Оперативного сотрудника Смирнова он долго инструктировал перед отправкой в Тенькинский район не только по ОПГ, но и пересказал ситуацию с ЗИФом и главным инженером Дмитриенко, который попал в подозреваемые, но прямых улик найти не удалось.
– Схема такая. Осмотришься в артели. Потом, как работник шлихоприемной кассы, предложишь Дмитриенко покупать концентрат по приемлемой цене. Если согласится, то нужно суметь это зафиксировать с помощью технических средств.
– Кто мне передаст золото, товарищ подполковник?
– Председатель артели поможет. Двести граммов для первого раза будет достаточно. Главное, торгуйся, держи цену.
Смирнов поддакивал, но думал что-то свое потаенное, что хотелось бы разгадать Ахметшахову. У старшего лейтенанта хороший послужной список, участие в операции по пресечению контрабанды в порту, отличная стрелковая подготовка, участие в соревнованиях, но этого мало в такой многоходовой операции, выстроенная схема требовала от сотрудника не только смелости, но еще и экспромта, хитрости. Особенно, если удастся выйти на ингушей.
– Как супруга восприняла новость о командировке?

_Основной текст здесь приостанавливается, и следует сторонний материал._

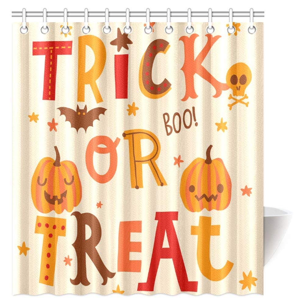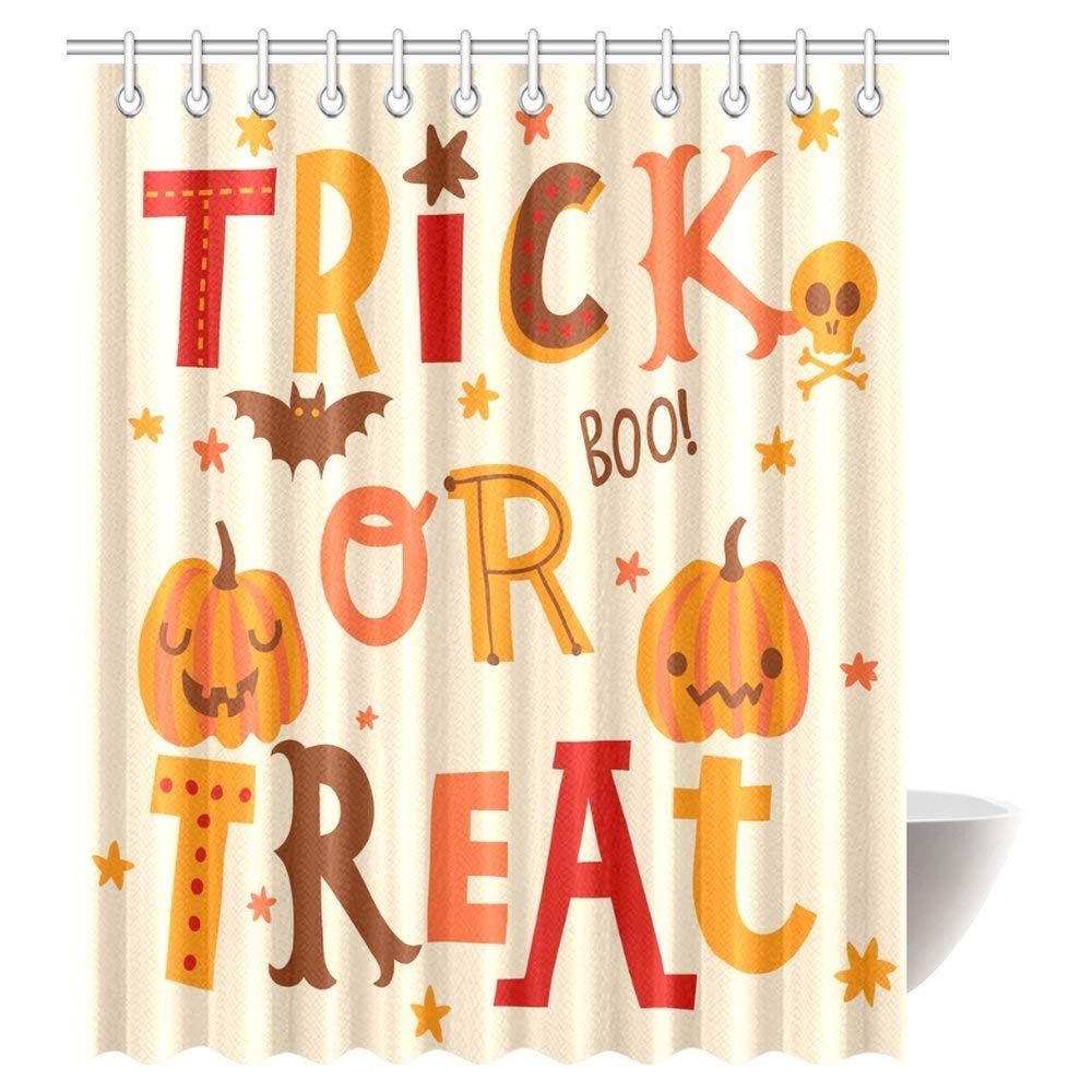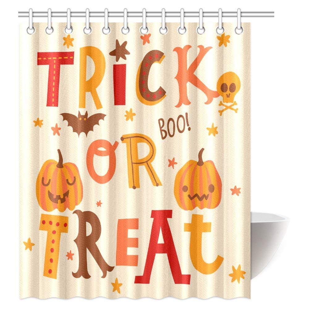 Halloween Decor Shower Curtain, Cute Trick or Treat in Cartoon Style Fabric Bathroom Shower Curtain Set with Hooks

– Да нормально. – Смирнов усмехнулся. Он до полночи уговаривал ее потерпеть месяц-другой, нажимая на то, что получит аванс и командировочные и можно будет сразу купить новый большой телевизор и что-то по мелочи в дом. – Мне бы справочку на бывшего председателя артели. Я же прохожу по легенде как его дальний родственник.
– Верно мыслишь. Документы на Цукана я тебе приготовил. Скажу, что он далеко не ангел. Воевал достойно, потом по дурости попал в лагерь на Колыму. Вкалывал в шахтах, на приисках. Был правой рукой в широко известной артели Барабанова в Якутии. Пытался даже перепродать золотой самородок. Но если дал слово – сдержит непременно. Председателем артели теперь его сын, бывший журналист, в криминале не замешан. Отец его держит в узде. Знаю, что Малявин пытался наладить контакт с группировкой Кнехта, через школьного приятеля Шулякова. Это бывший боксер по кличке Чемпион.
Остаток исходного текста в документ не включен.